【问题标题】:Apache Flink: Count window with timeoutApache Flink:计数窗口超时
【发布时间】:2018-04-11 20:08:07
【问题描述】:

这是一个简单的代码示例来说明我的问题:

case class Record( key: String, value: Int )

object Job extends App
{
  val env = StreamExecutionEnvironment.getExecutionEnvironment
  val data = env.fromElements( Record("01",1), Record("02",2), Record("03",3), Record("04",4), Record("05",5) )
  val step1 = data.filter( record => record.value % 3 != 0  ) // introduces some data loss
  val step2 = data.map( r => Record( r.key, r.value * 2 ) )
  val step3 = data.map( r => Record( r.key, r.value * 3 ) )
  val merged = step1.union( step2, step3 )
  val keyed = merged.keyBy(0)
  val windowed = keyed.countWindow( 3 )
  val summed = windowed.sum( 1 )
  summed.print()
  env.execute("test")
}

这会产生以下结果:

Record(01,6)
Record(02,12)
Record(04,24)
Record(05,30)

正如预期的那样,没有为键“03”生成任何结果,因为计数窗口需要 3 个元素,而流中只有两个元素。

我想要的是某种带有超时的计数窗口,以便在某个超时后,如果未达到计数窗口预期的元素数量,则使用现有元素产生部分结果。

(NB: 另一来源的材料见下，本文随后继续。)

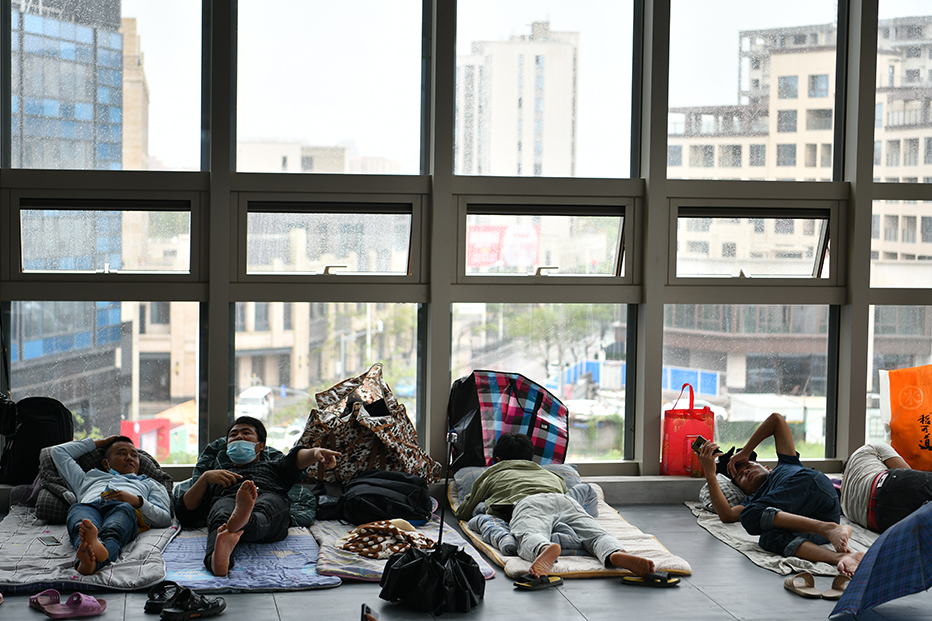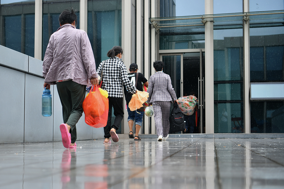 2021年9月13日,上海,建设工人有序地转移到安置点内。

通过这种行为,在我的示例中,当达到超时时会生成 Record(03,15)。

【问题讨论】:

    标签: scala timeout apache-flink flink-streaming


    【解决方案1】:

    您也可以使用自定义窗口 Trigger 来执行此操作,该窗口在达到计数或超时到期时触发 - 有效地混合了内置的 CountTriggerEventTimeTrigger

    【讨论】:

      【解决方案2】:

      我遵循了 David 和 NIrav 的方法,结果如下。

      1) 使用自定义触发器:

      在这里,我颠倒了我最初的逻辑。我没有使用“计数窗口”,而是使用了一个持续时间与超时相对应的“时间窗口”,然后是一个触发器,当所有元素都被处理后触发。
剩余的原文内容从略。